また、日常生活において、以下のような行動が腱鞘炎を引き起こしやすくするといわれています。

  • スマホやパソコンの長時間使用
  • コントローラーを使ったゲームを長時間する
  • 文字をたくさん書く
  • 編み物や裁縫をする
  • ピアノなど楽器の演奏を長時間行う

ただし、腱鞘炎のなりやすさには個人差が大きく、同じ行動をしていても全員が腱鞘炎になるとは限りません。手の小さい人や筋力の弱い人がなりやすいといわれることもありますが、必ずしもそれらが関係しているとは言い切れないようです。

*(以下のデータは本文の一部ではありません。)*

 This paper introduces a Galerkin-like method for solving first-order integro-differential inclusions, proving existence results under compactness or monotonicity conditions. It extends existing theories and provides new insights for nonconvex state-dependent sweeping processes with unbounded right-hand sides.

腱鞘炎になったらどうする? 効果的なケアと受診の目安

ばね指、ドケルバン病に代表される腱鞘炎では軽度の場合、痛みの緩和に有効なケアによって自然に症状が改善していくこともあります。ただし、セルフケアで症状の改善が見られない場合は、適切に医療機関を受診することが必要です。ここでは効果的なセルフケアと、受診の目安をご紹介します。

まずは安静にする

親指の付け根や指の関節に痛みや腫れが生じるなど、腱鞘炎のような症状がある場合、まずはできるだけ安静にすることを心がけましょう。ただし、極端に動かさないでいると手指が固まってしまい、さらに動かしにくくなってしまうことも。痛みを感じない程度に動かしつつ、炎症が進行しないように気をつけておきましょう。

湿布やサポーターは有効?

腱鞘炎のような痛みや腫れがある場合、湿布などの消炎剤を用いることに問題はありません。ただし、手はしょっちゅう動かしたり洗ったり、水に触れたりする機会があるため、湿布薬だと、ずれたり剥がれたりするのが気になってしまうこともあるでしょう。湿布などの貼るタイプの消炎剤よりは、クリームやゲルなど塗るタイプのほうが使い勝手がよいかもしれません。

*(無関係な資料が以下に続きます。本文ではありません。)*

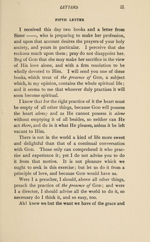 I received this day two books and a letter from Sister ______, who is preparing to make her profession, and upon that account desires the prayers of your holy society, and yours in particular. I perceive that she reckons much upon them; pray do not disappoint her. Beg of GOD that she may make her sacrifice in the view of His love alone, and with a firm resolution to be wholly devoted to Him. I will send you one of these books, which treat of the presence of GOD, a subject which, in my opinion, contains the whole spiritual life; and it seems to me that whoever duly practises it will soon become spiritual.

腱鞘炎でお困りの場合、親指を支えるサポーターが有効なこともあります。親指に負担がかかるときには取り入れてみてもよいでしょう。

ばね指に効果的なセルフケア

軽度のばね指は、ストレッチが症状の緩和につながることもあります。

例えば、ばね指のような症状があり、関節が曲げ伸ばししづらいと感じた場合は、指の第1関節を反対の手で持ち、伸ばすように引っ張ってみましょう。関節を広げて、指を曲げ伸ばししやすくする効果が期待できます。お風呂につかっている時など、体が温まっている時に行うのがおすすめです。

ばね指に効果的なセルフケア

こんな時は病院へ、腱鞘炎の受診の目安

腱鞘炎はセルフケアだけで改善することもありますが、日常生活に支障が出ている場合は我慢せずに医療機関を受診しましょう。

医療機関でも状態によっては経過観察になりますが、痛みが強い場合は、腱鞘内ステロイド注射をして、痛みを取り除く治療をすることもあります。ステロイド注射をしても改善しない場合や再発を繰り返す場合、注射ができない体質である場合、患者が手術を希望するといった場合は、腱鞘を開く手術(腱鞘切開)を行います。ステロイド注射をした場合の再発率は約60%ですが、手術の場合はほとんど再発しません。

腱鞘炎のなりやすさには個人差がありますが、一般的には指や手首を酷使することで生じやすいといわれています。手や指をたくさん使った場合は、一日の終わりに軽くストレッチをするなど、毎日頑張っている手をいたわってあげましょう。

更年期や妊娠出産期などの女性は特に生じやすい傾向があるので、違和感があればかかりつけ医に相談を。また、なかには腱鞘炎だと思っていたら別の病気だったということもあります。痛みの経過に注意し、改善している様子が見られない場合は医療機関を受診するなどして、大切な手や体を守ってくださいね。